Furthermore, how to manage practical constraints such as securing human resources, budget allocation, operational load, and regional support disparities will be the key to making Neuvola-like support sustainable in City C. Overall, City C can be viewed as being in a stage of challenging system design, incorporating Neuvola support viewpoints as much as possible while harboring geographic and population constraints. Future improvements, conscious of assignment, support sustainability, hub networks, and institutional strengthening, will be the direction to embody the Neuvola philosophy in the field.

Conclusion

This study compared the initiatives of postpartum care businesses and postpartum care centers in three cities with different urban scales and regional resources, and examined them from the perspective of the institutional features of the Japanese-style Neuvola. As a result, while all three cities aimed for seamless support from pregnancy to the child-rearing period, differences were seen in their stages of institutionalization and priority areas. City A is forming an advanced urban support model through multidisciplinary cooperation and collaboration with the private sector, but the institutional clarification of the continuous assignment system and universal access is a future challenge.

City C is advancing home-visit support and ICT utilization corresponding to geographical constraints, but strengthening hub functions and institutionalizing the assignment system in a widely dispersed municipality are required.

Overall, for the substantive development of the Japanese-style Neuvola, it is essential to clearly design four institutional pillars: (1) institutionalization of the assignment system, (2) continuous support from pregnancy to early childhood, (3) clarification of a one-stop consultation window, and (4) guarantee of universal access unaffected by socio-economic conditions.

Advancing the development of a system that guarantees the equity and sustainability of support, along with flexible institutional design tailored to regional characteristics, will be the key to developing the Neuvola philosophy into effective regional child-rearing support.

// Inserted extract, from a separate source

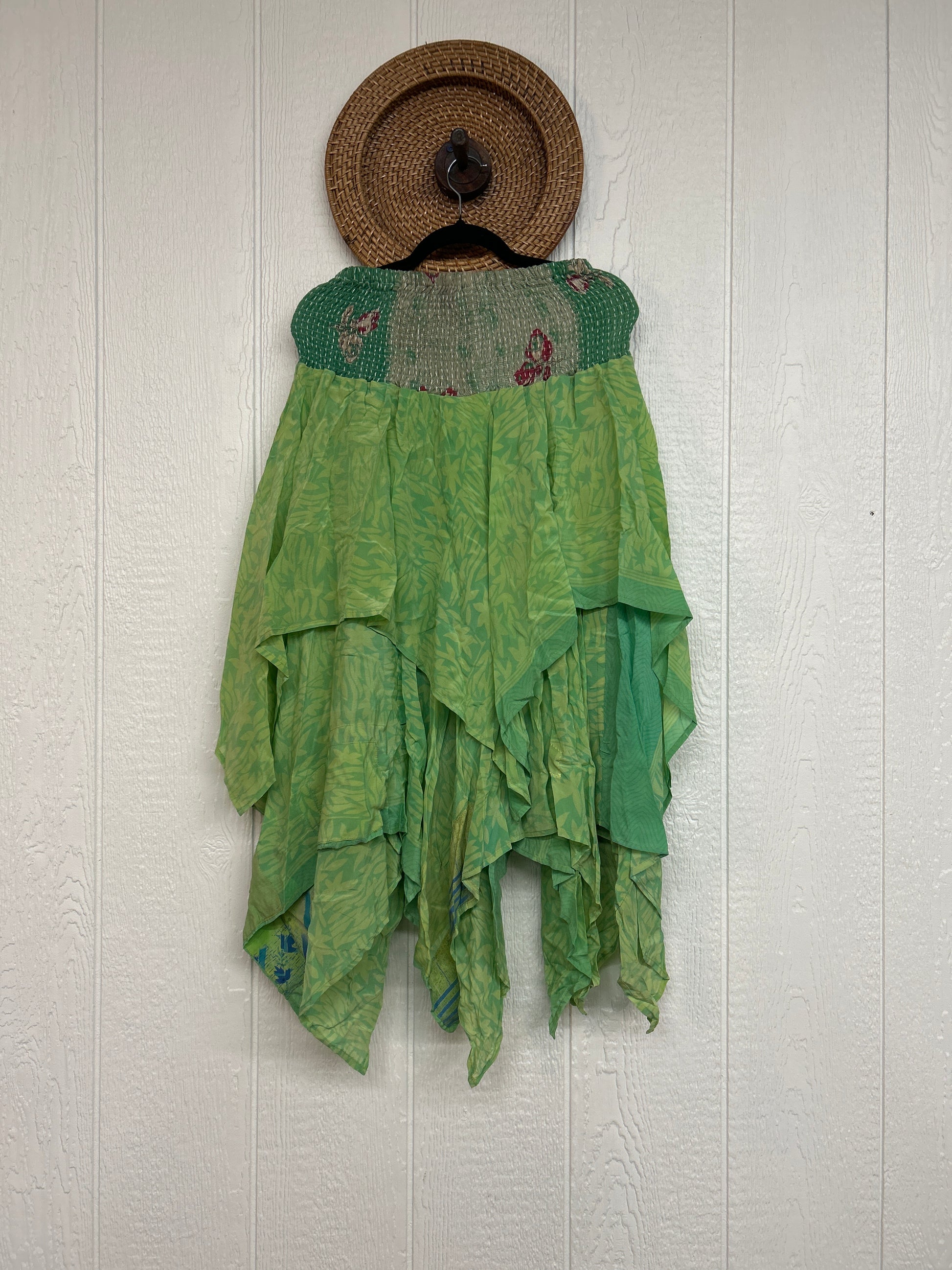 crafted from our ultra lux vintage crepe sari. Features a rock star asymmetrical hem and stretchy waistband. This versatile piece can be pulled up to be worn as a tunic!

From the comparative analysis of this study, it became clear that all three cities have partially implemented the philosophy of the Japanese-style Neuvola and are in the stage of institutionalization. City A is forming an advanced urban model through multidisciplinary cooperation and private collaboration, while the institutional clarification of the continuous assignment system remains a challenge.

City B has established an early intervention system from the pregnancy period, but the limited support institutions and consistency in system design will be future focuses. City C is advancing home-visit support and ICT utilization in response to geographical conditions, but the institutionalization of the assignment system and the strengthening of regional hubs in a widely dispersed municipality are required.